Saya tidak akan jauh berangan-angan bahwa pertemuan Puan Maharani dengan Agus Harimurti Yudhoyono sebagai stasiun awal pemasangan keduanya sebagai Capres dan Cawapres 2024. Spekulasi semacam itu, selain banal juga membuat kita berpikir tidak rasional. Saya lebih tertarik menyimak bertemunya keberhasilan dua dinasti politik di negeri ini.
Puan Maharani sepertinya cukup sukses memegang separuh tongkat komando sebagai penerus sang Ketua Umum PDIP, Megawati Soekarnoputri. Posisi-posisi politis strategis di negeri ini telah dia pegang. Kekuatan Puan justru semakin kuat karena jabatannya di struktural partai yang bukan sebagai ketua umum. Dengan posisi bukan sebagai ketua umum, membuat langkah Puan Maharani kian lebar dan semakin memperkokoh mentalitasnya sebagai politisi seperti ibunya, Presiden RI Kelima.
Jika menilik seluruh partai di Tanah Air, sepertinya hanya PDIP dan Demokrat yang kaderisasinya berjalan bagus dan memiliki benang merah dengan sejarah (partai). PKS meski kaderisasinya bagus namun urusan pos strutural partai, mereka rela bersikutendang dengan karibnya. Sampai saat ini, PDIP masih menjadikan Megawati sebagai tiang utama dalam struktural.
Mengalirnya darah Bung Karno dianggap sebagai pengejawantahan tertinggi untuk menerapkan nilai-nilai Marhaenisme yang menjadi spirit PDIP. Maka untuk terus menjaga spirit itu, trah Bung Karno sangat diperlukan sebagai peminpin tertinggi partai. Dan Puan Maharani sejak lama telah disiapkan untuk itu. Pos Ketua Fraksi PDIP, Menteri Koordinator Pembangunan Sumberdaya Manusia dan Kebudayaan serta kursi tertinggi DPR RI. Bagaimanapun, kekuatan utama PDIP sejak sebelum reformasi sampai saat ini berkat dihadirkannya "mitos" sosok Bung Karno di hati kader dan seluruh masyarakat Indonesia. Di masa Orde Baru, PDIP lah yang jadi penantang serius Partai Golkar setiap kali ada Pemilu.

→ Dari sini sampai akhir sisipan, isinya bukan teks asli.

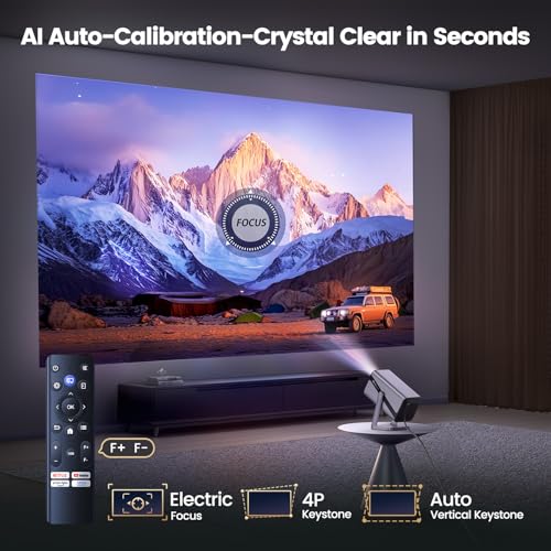 🔔【Native 1080P+4K Supported+30000Lumen】Smart projector has full hd 1080P resolution and 4K video decoding. Its intelligent AI image optimization system automatically matches color gamut schemes and simulates up to 98% of the NTSC cinematic-wide color gamut. Providing natural light and dark filtering and vivid contrast, enhancing the realism and vividness of each scene.S29 tv projectors perfect for home cinema, gaming setups, or outdoor movie nights.(4K support implies 1080P display of 4K content)

Jika PDIP jadi antitesis Partai Golkar di masa silam, maka ketika pemilu 2004 Partai Demokratlah yang menjadi antitesis PDIP. Trik melas (Bahasa Jawa: minta belas kasihan) yang dipakai SBY waktu itu yang dianggap sebagai menteri buangan Mega berhasil mengantarkannya sebagai Presiden. Namun setelah memimpin negeri ini selama 10 tahun SBY tersadar ternyata dia belum memiliki penerus untuk memegang tongkat komando. Edhi Baskoro Yudhoyono atau Ibas yang telah duduk di DPR RI ternyata hanya memiliki dua tiga langkah politis ketika diharapkan memiliki 100 langkah.
Lagi pula, banyak yang menilai Ibas tidak sekuat yang dikira untuk menduduki kursi tertinggi partai belambang Mercy. Sementara putra sulungnya terlanjur berkarir di militer. Di tengah dilema seperti itu, posisi Ketua Umum justru lepas dari Cikeas dan beralih ke tangan Anas.
Pensiun dini dari tentara jadi konsekuensinya. Memang cukup taktis keputusan SBY menarik putra sulungnya dari kesatuan. Dengan terjun ke Pilkada DKI, mindset masyarakat akan langsung meyakini bahwa AHY merupakan politisi, apapun hasilnya. Dan momen itu adalah sekolah politik terlengkap yang sangat jarang didapat politisi negeri ini. Hanya memerlukan waktu (tumbuhnya jambang) selama tiga tahun sejak dia mengawali karir di dunia politik, AHY akhirnya resmi memegang penuh tongkat komando Partai Demokrat yang selama ini dimiliki SBY.
Perjalanan prince and princes dua partai tersebut jadi gambaran kematangan politik Megawati di PDIP dan SBY di Demokrat dengan karakter masing-masing. Namun karena kedua pernah menata mimpi di Istana, setidaknya keturunannya pun punya hak "istimewa" untuk menuju istana. Kapan? Tanyakan pada rumput yang susah bergoyang.